Exercise in exact copying: restate word for word only the lines below from the one containing "Слайд 13Подводя итоги, мы" through the one containing "Red, Pink and", omitting any pictures.

> [Data to use]
● ● ● ●
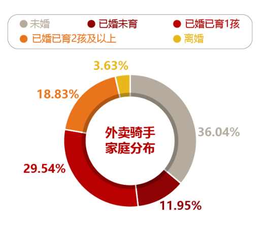 新京报的调研报告显示,在外卖骑手的家庭情况上,超六成的外卖骑手已经成家立业,结婚有一孩占比达到29.54%,结婚有两孩及以上占比为18.83%,结婚未育占比为11.95%。《新蓝领就业与生活状况研究报告》又指出,75.1%的新蓝领人群的收入在家庭总收入中占比超过40%,46.4%的新蓝领人群的收入在家庭总收入中占比超过60% 。
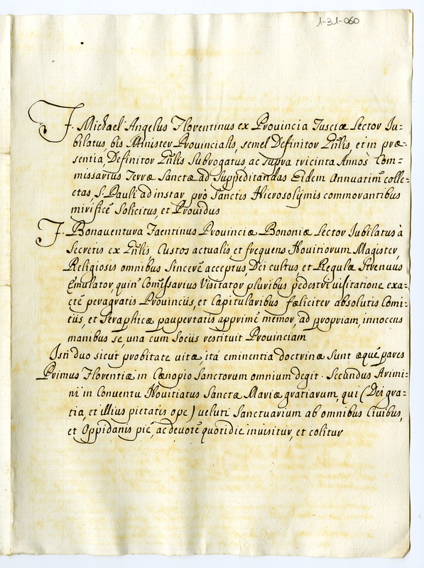 Informazioni su fra Michel'Angelo Fiorentino e fra Bonventura Faentino (1700-1721)
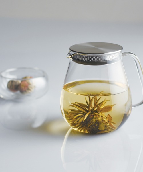 3~4人分におすすめな720mlサイズ 洗練されたキッチン&テーブルウェアを展開している「KINTO」が展開する 親しみやすいゆったりとしたフォルムでどんなシーンにも、どんな空間にもさりげなく溶け込んでいくUNITEA。 カップやジャグの透明感はドリンクを美しく透かし、茶葉がゆっくりと開く様子などをじっくりと眺めて愉しむことができます。 すべての指でしっかりと握ることができる、ゆったりとしたハンドル。 大きな手でも小さな手でも、持つ位置を限定することのない、安定感のある使い心地です。 リッドとストレーナーが一体となった構造で、ストレーナーは細かい茶葉が濾せ、リッドはお茶を注ぐ時に傾けても落ちにくくなっています。 パーツが少なくお手入れが簡単で、毎日の生活の中でカジュアルに活躍する、使い勝手にこだわったティーポットです。 ※お取り扱い上のご注意※ 【ポット】 品名: 耐熱ガラス製器具 / 使用区分: 熱湯用、電子レンジ用、直火用 / 耐熱温度差: 150℃ / 電子レンジ、直火 (ティーライトキャンドルのみ)、食洗機使用可 / 中国製 ○使用区分以外には使用しないでください ○ティーライトキャンドル以外の炎で直火にかけないで下さい ○固形燃料は使用しないでください ○電子レンジで加熱しすぎたり、空焚きにならないようご注意ください ○洗浄の際はクレンザーやたわしを使用しないでください ○ガラスの急冷は破損の原因となりますので熱いうちに濡れた布で触れたり、濡れた場所に置かないでください ○製造上の特性により、サイズや形状が各々多少異なります 【蓋】 18-8 ステンレス鋼、ポリプロピレン、シリコーンゴム / 耐熱温度: 140℃ / 食洗機使用可 / 中国製 ○電子レンジでご使用いただけません ○ステンレスの錆を予防するために汚れや水分は早めに落とし、十分に乾燥させ、他の金属との接触を避けて収納してください
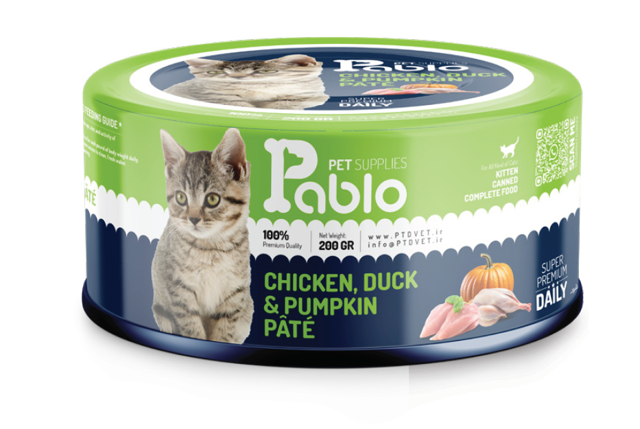 🍼🍎 کنسرو گربه پابلو اولترا پریمیوم طعم مرغ اردک و کدو (مخصوص بچهگربه)
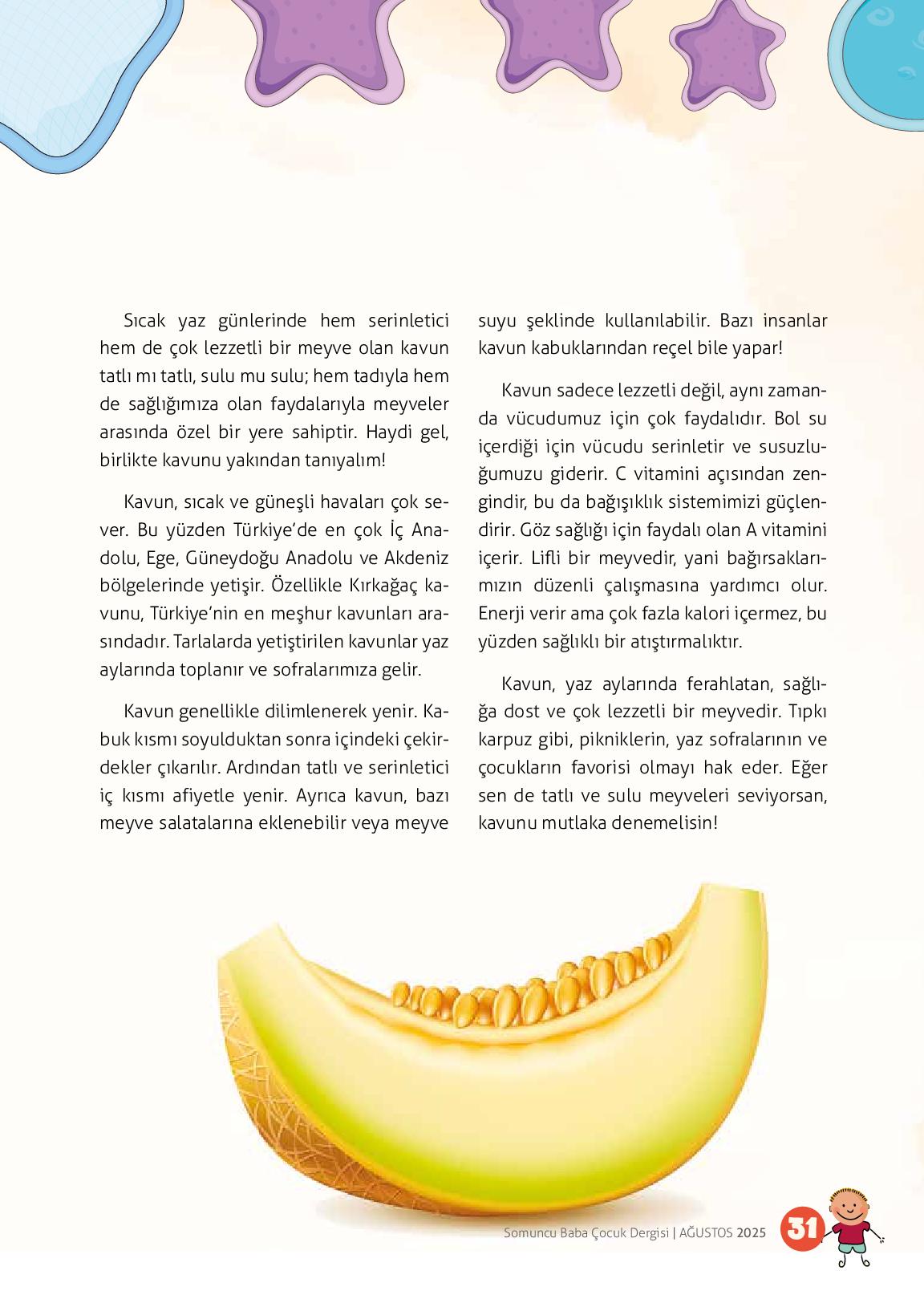 Sıcak yaz günlerinde hem serinletici hem de çok lezzetli bir meyve olan kavun tatlı mı tatlı, sulu mu sulu; hem tadıyla hem de sağlığımıza olan faydalarıyla meyveler arasında özel bir yere sahiptir. Haydi gel, birlikte kavunu yakından tanıyalım!Kavun, sıcak ve güneşli haval...
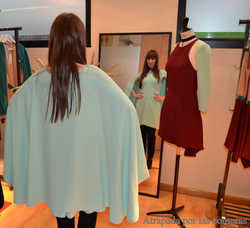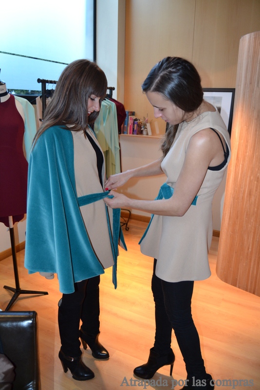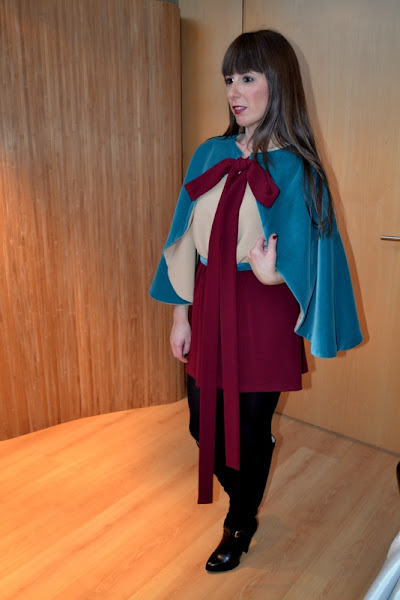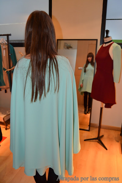 En esta visita al showroom de Marta Ferrao pude volver a ver sus primeros diseños y piezas pertenecientes a esa colección "Nude Black" con la que consiguió el premio a Mejor Joven Diseñador pero también pude conocer más a fondo su última colección "Esquilache". Esquilache es una colección inspirada en la orden real impuesta en el S.XVIII con la que se prohibía el uso del embozo y el sombrero de ala ancha dando paso a una nueva indumentaria el tricornio y la capa corta. Es por eso que en esta colección la protagonista y el hilo conductor es la capa, vestidos con capa, faldas capa, minicapas......piezas superpuestas, vuelo y movimiento y con gran uso del terciopelo que sin duda es perfecto para el otoño e invierno, ya que, a parte de ser un tejido que nos abriga, es adaptable a cualquier momento del día. Una colección impecable y exquisita con un gran acabado y confeccionada íntegramente en Asturias.
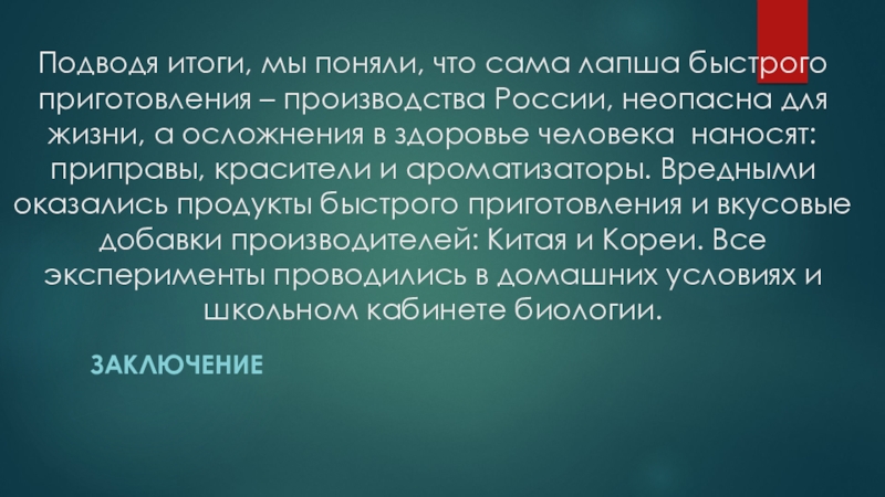Слайд 13Подводя итоги, мы поняли, что сама лапша быстрого приготовления – производства
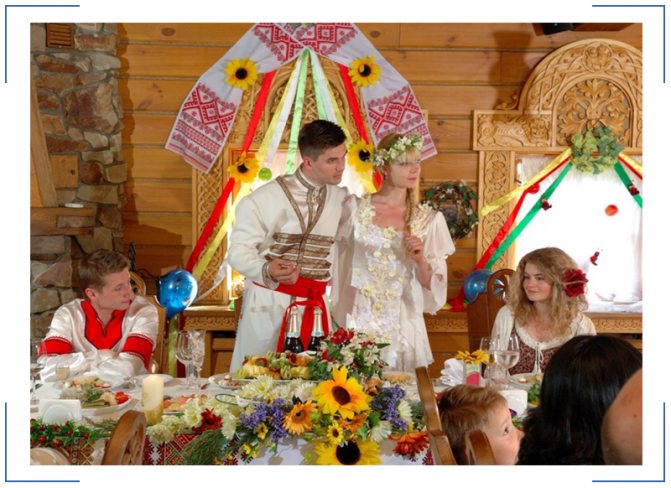 ♦ По свадебной традиции с тех пор мало что изменилось. По порядку – сватовство, приданое, девичник, выкуп, благословение родительское и застолье.
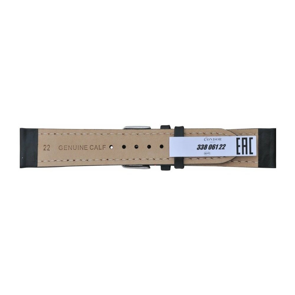 Высококачественный часовой ремешок, модель «Спорт», изготовлен из кожи теленка и так называемой «итальянской кожи», из-за высокого качества производства кожи на кожевенных предприятиях Европы. Цвет — черный, наружная поверхность ремешка — гладкая, полуглянцевая. По технологии изготовления — это «обрезной ремень». Производится в виде слоеного пирога, и состоит из трех, четырех слоев, обрезанных по краям. Эти боковые срезы покрыты эластичным компаундом и, дополнительно, прошиты красной нитью по краю ремешка, и вместе с жесткой внутренней прокладкой придают ремню крепкий, надежный и строгий вид. Конец длинной части ремешка имеет заостренную форму. Пряжка фактурная, элегантная, литая, удобная в носке, изготовлена из нержавеющей стали (INOX), с PVD покрытием, серебристого цвета. Эти ремешки предназначены для замены в наручных часах средней ценовой категории и выше.
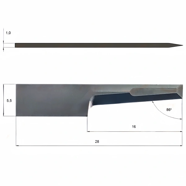 The blade is made of tungsten steel, with excellent wear resistance and high cutting accuracy, suitable for efficient cutting of corrugated cardboard and foam board. The cutting angle is 86°, the blade height is 28mm, the width is 5.5mm, the thickness is 1mm, and the maximum cutting depth is 16mm. Designed for flat 1mm installation, it is optimized for the Atom HV1600 series cutting machine.
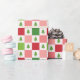 Red, Pink and green christmas tree chequered print wrapping paper.
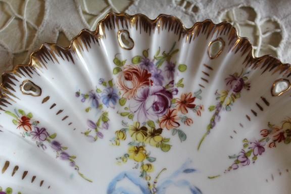 ドレスデン リボン フラワー ガーランド ハンドペイント プレート
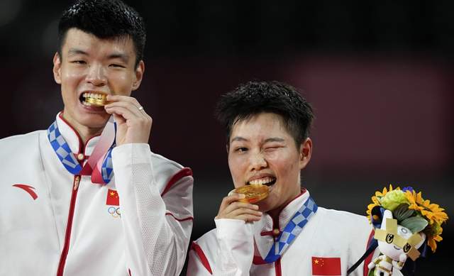 接下来的两场决赛都是中国队的内战,也就是说在开打之前中国代表团已经提前包揽了金银牌。下午率先进行的是羽毛球混合双打的决赛,王懿律/黄东萍组合迎战郑思维/黄雅琼组合。这场被戏称为队内教学赛的决赛场面上看起来出乎意料的激烈,双方你来我往互不相让,前两局战成1比1平。决胜局双方体力的差距决定了比赛的走向,"黄鸭"组合依靠更优秀的轮转击败队友"雅思"组合,成功拿下中国代表团的第18金。
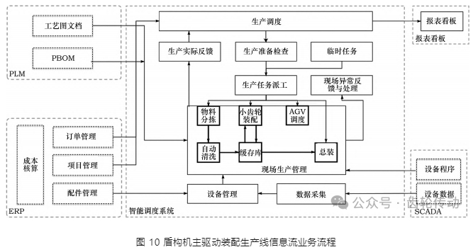 近年來,生產制造系統逐步朝著信息化、智能化發展,以便處理海量復雜的生產裝配質量信息,進一步提高生產系統的柔性化和自動化水平。為了提高主驅動裝配過程信息化管理程度,該裝配生產線通 過研發并設計智能調度系統,實現主驅動裝配生產線生產計劃與上游 PLM、ERP 等系統的信息銜接,協同 SCADA 系統完成設備信息及裝配過程的數據采集與監控,各設備之間的信息交互及裝配過程聯動信息可通過報表看板展示。盾構機主驅動裝配生產線信息流業務流程見圖 10。
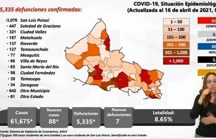 San Luis Potosí acumula este sábado 61,675 casos de covid, tras confirmarse 88 nuevos contagios en las últimas 24 horas.
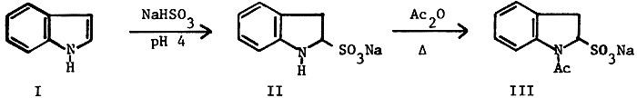 The subsequent acetylation also proved to be an unexpected problem. The literature procedure4 used the crude, wet product without purification and there was no spectral or analytical data about the exact nature of the compound. We have isolated the dry sodium 1-acetylindoline-2-sulfonate (III), as a white solid which has displayed an infrared band showing the presence of water even after drying in vacuo at 110°C; the elemental analysis confirmed it as a hemihydrate. Here again, a brief study of the reaction parameters and changes made based on the information obtained resulted in an 85% yield of III; larger scale runs averaged between 82-85%. These results have meant correspondingly higher yields of the 5-substituted indoles shown in Scheme 2.
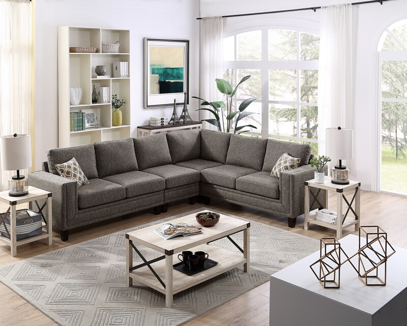4 pc Stephan brown cotton blended fabric sectional sofa squared arms. This set includes the 4 pc sectional set , LAF love seat, Corner wedge, armless chair, RAF love seat. Sectional as shown measures 115″ x 90″ x 33 x 36″ H. Armless chair can go on either side. Ready to assemble. Requires assembly.
● ● ● ●
> [Output below]
Слайд 13Подводя итоги, мы поняли, что сама лапша быстрого приготовления – производства
 ♦ По свадебной традиции с тех пор мало что изменилось. По порядку – сватовство, приданое, девичник, выкуп, благословение родительское и застолье.
 Высококачественный часовой ремешок, модель «Спорт», изготовлен из кожи теленка и так называемой «итальянской кожи», из-за высокого качества производства кожи на кожевенных предприятиях Европы. Цвет — черный, наружная поверхность ремешка — гладкая, полуглянцевая. По технологии изготовления — это «обрезной ремень». Производится в виде слоеного пирога, и состоит из трех, четырех слоев, обрезанных по краям. Эти боковые срезы покрыты эластичным компаундом и, дополнительно, прошиты красной нитью по краю ремешка, и вместе с жесткой внутренней прокладкой придают ремню крепкий, надежный и строгий вид. Конец длинной части ремешка имеет заостренную форму. Пряжка фактурная, элегантная, литая, удобная в носке, изготовлена из нержавеющей стали (INOX), с PVD покрытием, серебристого цвета. Эти ремешки предназначены для замены в наручных часах средней ценовой категории и выше.
 The blade is made of tungsten steel, with excellent wear resistance and high cutting accuracy, suitable for efficient cutting of corrugated cardboard and foam board. The cutting angle is 86°, the blade height is 28mm, the width is 5.5mm, the thickness is 1mm, and the maximum cutting depth is 16mm. Designed for flat 1mm installation, it is optimized for the Atom HV1600 series cutting machine.
 Red, Pink and green christmas tree chequered print wrapping paper.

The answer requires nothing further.